Select “Fill blank cells with carryover values” and click OK:

- Add the “Sub Region” and “State Attributes” following the same steps, but type in the following regular expressions for those attributes:
For “Sub Region”: ^\s(\S.*)
For “State”: ^\s{2}(\S.*)
These regular expressions extract respectively values with a single whitespace before a non-space character and a two-white-spacer before a non-whitespace character. - Create a Time Period dimension, select Row 3 as the source of member names, click “Properties” and use the the following regex to match only time period items: ^(\w{3}-\d{4})

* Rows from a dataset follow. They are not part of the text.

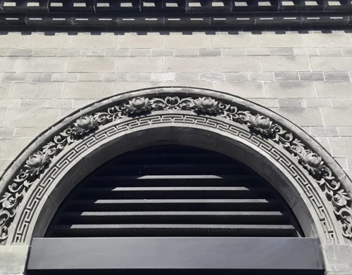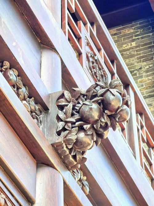 進(jìn)入北門,首先映入眼簾的是16號(hào)樓,其主題為壽桃,主題來(lái)源于信陽(yáng)鄧穎超祖居,祖居繡樓內(nèi)部裝飾有壽桃石雕,我們便選取此圖案進(jìn)行創(chuàng)作,在16號(hào)樓的墀頭、雀替、卡子花處均有精美的壽桃紋樣。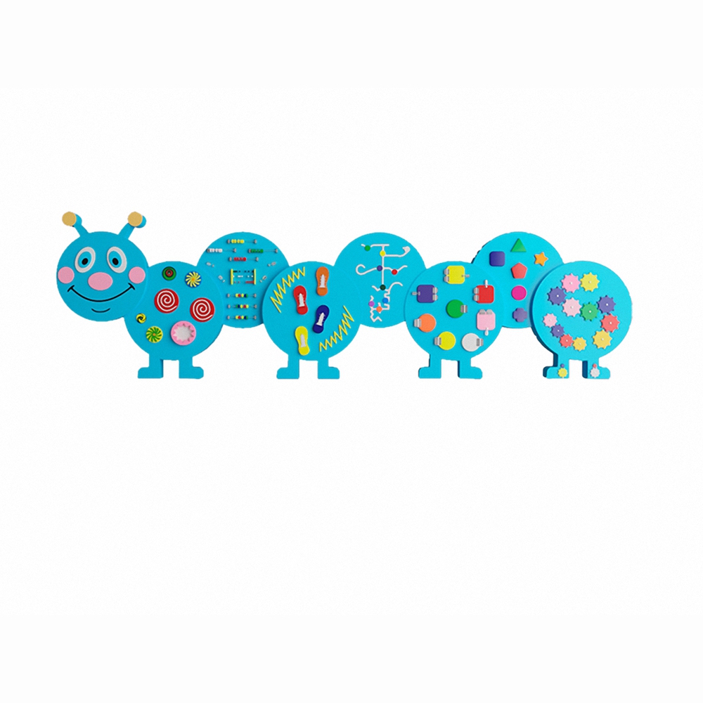 Бизиборд в виде синей гусенички №1 не только украсит любую детскую комнату, развивает умственные качества ребенка, но и имеет приятный голубой цвет, который в своем роде бережно влияет на нервную систему, помогая ребенку успокоиться и сконцентрироваться на занятии.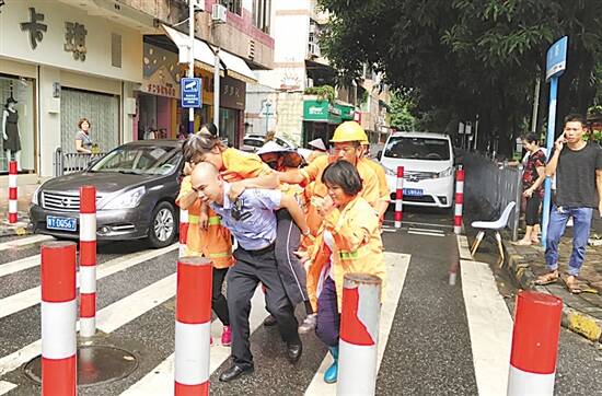 ▲梁炳坤背起晕倒的环卫工阿姨赶往医院
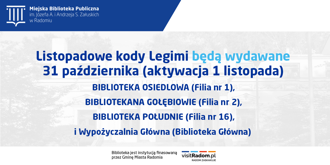 WWW.MBPRADOM.PL – kopia (1364 x 240 mm) (240 x 136.4 mm)RKKnarodowy program grafikawrzesień.pdf (7)DSC_8741LEGIMI2 Wydarzenia Aktualności Radomska Karta Kulturalna Radomski Klub Czytelniczy Radomskie ławeczki literackie CZYTAKI DLA OSÓB NIEWIDOMYCH I SŁABOWIDZĄCYCH CZYTAKI DLA OSÓB NIEWIDOMYCH I SŁABOWIDZĄCYCH CZYTAKI DLA OSÓB NIEWIDOMYCH I SŁABOWIDZĄCYCH ZASUGERUJ KUPNO KSIĄŻKI ZAPISZ SIĘ DO NEWSLETTERA Email Przechodząc dalej, akceptujesz politykę prywatności Klauzula informacyjna o przetwarzaniu danych osobowych Zgodnie z art. 13 i 14 Rozporządzenia Parlamentu Europejskiego i Rady (UE) 2016/679 z dnia 27 kwietnia 2016 r. w sprawie ochrony osób fizycznych w związku z przetwarzaniem danych osobowych i w sprawie swobodnego przepływu takich danych oraz uchylenia dyrektywy 95/46/WE (ogólne rozporządzenie o ochronie danych), informuję, że:Miejska Biblioteka Publiczna im. Józefa A. i Andrzeja S. Załuskich w Radomiu, z siedzibą przy ul. J. Piłsudskiego 12, W sprawach związanych z ochroną danych osobowych wyjaśnień udziela Inspektor Ochrony Danych, pod adresem e-mail: iod@mbpradom.pl. Biblioteka działając na podstawie Art. 6 ust.1 lit. a) RODO, zbiera adresy e-mail, w celu przesyłania informacji promocyjnych, po uprzednim wyrażeniu zgody na ich otrzymywanie. Każdy użytkownik Newslettera ma prawo dostępu do treści swoich danych, do ich sprostowania, ograniczenia usunięcia danych, przenoszenia danych oraz wniesienia sprzeciwu wobec ich przetwarzania. Podanie danych jest dobrowolne, jednakże niezbędne do korzystania z kanału Newsletter. Dane osobowe użytkowników Newsletter będą przechowywane jedynie w okresie niezbędnym do spełnienia celu, dla którego zostały zebrane. Okres przechowywania danych osobowych w postaci adresów e-mail wynosi 90 dni od momentu rezygnacji z subskrypcji Newslettera. W przypadku wyrażenia zgody na wykorzystanie przez Bibliotekę adresu e-mail, użytkownik Newslettera ma prawo do jej wycofania w dowolnym momencie, bez wpływu na zgodność z prawem przetwarzania, którego dokonano na podstawie zgody przed jej cofnięciem. Biblioteka udostępnia dane osobowe podmiotom upoważnionym na podstawie przepisów prawa. Dane osobowe użytkowników Newslettera nie będą przetwarzane w sposób zautomatyzowany i nie będą profilowane. Każdy użytkownik Newslettera ma prawo do wniesienia skargi do Prezesa Urzędu Ochrony Danych Osobowych, z siedzibą w Warszawie przy ul. Moniuszki 1A. Zgoda na przetwarzanie danych osobowych Rejestrując się w Newsletter wyrażam zgodę na przetwarzanie moich danych osobowych w postaci adresu e-mail przez Miejską Bibliotekę Publiczną im. Józefa A. i Andrzeja S. Załuskich w Radomiu, z siedzibą przy ul. Józefa Piłsudskiego 12, 26-600 Radom.

- Then create the “Year” and “Month” attributes by using the following regexes to extract the appropriate data:
For “Year” : ^\w{3}-(\d{4})
For “Month” : ^(\w{3})-\d{4} - We left the easy one for dessert - create an “Employment Category” dimension and select row 1 as the source of member names. No need to perform extractions:

We’re done with the dimensional model - move on by pressing “Next”. - Leave the default selections on page 6 and press Finish:

- Add four SQL Server Destination components to the data flow task and name them “Facts”, “MSA”, “Time Period” and “Employment Category”. Bind the DataDefractor outputs to their respective outputs then select each destination, map it to the appropriate relational table in the Employment BI database and map the columns from the DataDefractor output to the appropriate table fields. For example, the ID columns must be mapped to the PK_ and FK_ columns in the destination components:

Note the warning signs in the destination - they are caused by the fact that DataDefractor emits 1000 varchar data for the dimension names and attributes, while the schema generation wizard creates shorter fields. You can resolve this by modifying the size of the DataDefractor output columns in the “SSIS Advanced Editor”. - Run the SSIS project to populate the relational model, then deploy the SSAS cube and process it.
After this, you can browse the Employment part of the cube. Here’s a snapshot of the cube browser:
At this point we add a new SSIS data flow task and process the Unemployment data using another DataDefractor data flow task.
We end up with two measure groups with one measure per group.
There is only one thing left to do - make the Unemployment Rate measure aggregate by averaging the data points at lower levels.
The way we do this is by adding two new measures based on the same data column in the fact table - lets’ call them URC and URS. Then we make the URC measure aggregate using the “Count” aggregation rule and the URS measure use the “Sum” aggregation.
We hide the two measures, then create a calculated measure called “Unemployment Rate”. The MDX formula for this new measure is:
iif([Measures].[URC] = 0, Null, [Measures].[URS] / [Measures].[URC])
This pretty much wraps it up. We now have an analytical model containing employment and unemployment data created off of a seemingly unwieldy Excel source.